Scientists Use Powerful New Climate Model to Recreate Iconic ‘Blue Marble’ Photograph

This month marks 50 years since humanity last ventured beyond low-Earth orbit. While NASA is currently working to send people back to the moon, Apollo 17 in 1972 is the most recent crewed mission to leave Earth behind. The mission is notable for another reason: the famous “Blue Marble” photograph of Earth fully illuminated by the sun. This stunning image supercharged the nascent environmental movement in the early 1970s and has been reproduced frequently over the decades. Now, it’s being reproduced in a new way — scientists from the Max Planck Institute for Meteorology attempted to recreate the Blue Marble shot from scratch using a new climate model. The results, as you can see above, are impressive. The simulation on the right is a dead ringer for the authentic photo on the left.

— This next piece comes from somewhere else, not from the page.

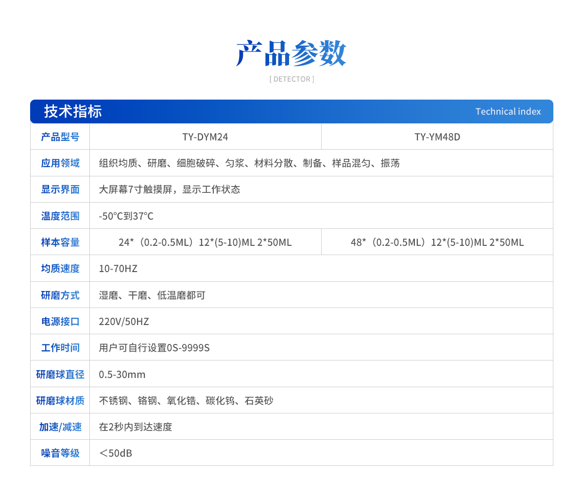 | 應(yīng)用領(lǐng)域:組織均質(zhì)、研磨、細胞破碎、勻漿、材料分散、制備、樣品混勻、振蕩 液晶顯示:大屏幕7寸觸摸屏,顯示工作狀態(tài) 溫度范圍:-50℃到37℃ 處理樣本量:24*(0.2-0.5ML)12*(5-10)ML 2*50ML 均質(zhì)速度:10-70HZ 電源:兩相220V /50HZ 工作時間:0秒-9999s,用戶可自行設(shè)定 研磨球直徑:0.5-30mm 研磨球材料:不銹鋼、鉻鋼、氧化鋯、碳化鎢、石英砂 加速:在2秒內(nèi)達到**速度 減速:在2秒內(nèi)達到**速度 噪音等級:小于50db |
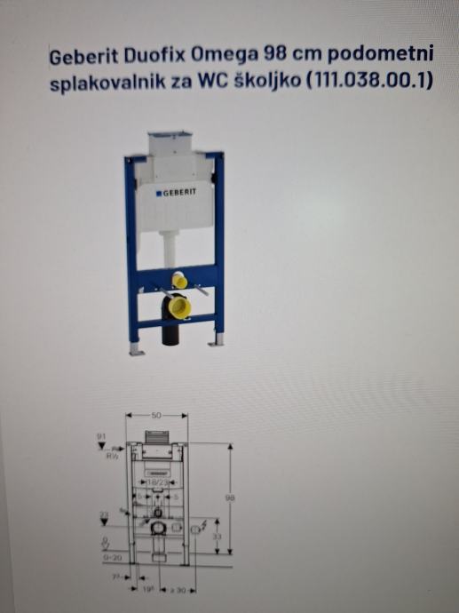 Prodam nov podometni splakovalnik Geberit, Duofix Omega 98 cm.

You could argue that the foundation of the Max Planck Institute for Meteorology (MPI-M) was part of the environmental movement spurred on by the Blue Marble. MPI-M was set up under the direction of Prof. Klaus Hasselmann in 1975, who would go on to win the 2021 Nobel Prize in Physics for MPI-M’s work on anthropogenic climate change.

Work on the climate at MPI-M is still ongoing. In late 2022, the institute completed work on a model known as ICON that can simulate fully coupled climate systems at kilometer scale. Climate scientists believe that being able to resolve atmospheric processes at this level of detail is essential to understanding how global warming is reshaping the globe. With the 50-year anniversary of the iconic Blue Marble photo, the MPI-M team decided to test the model by recreating the image using weather data from 1972.

MPI-M partnered with Nvidia and the German Climate Computing Center to run the simulation, beginning with a spun-up ocean two days before the famous image was captured. The institute describes it as a two-day forecast arriving fifty years too late. By simulating the physics of surface winds, water currents, and cloud fields, the team ended up with something that very closely matches the real photograph.

The image above was generated with the Nvidia Omniverse platform with internal RTX ray tracing. And it’s not just a photograph. The simulation is a fully formed world, featuring details not recorded by the Apollo crew’s camera. The simulation allowed the team to go beyond the superficial, studying the waves of warm water emanating from the African coast and subsurface eddies that rise upward as the sun heats the ocean. The team expressed pride that ICON was able to so closely mirror the Blue Marble, particularly given the rudimentary weather data from 50 years ago in the southern hemisphere. This work shows that ICON could become a key tool in understanding Earth’s changing climate.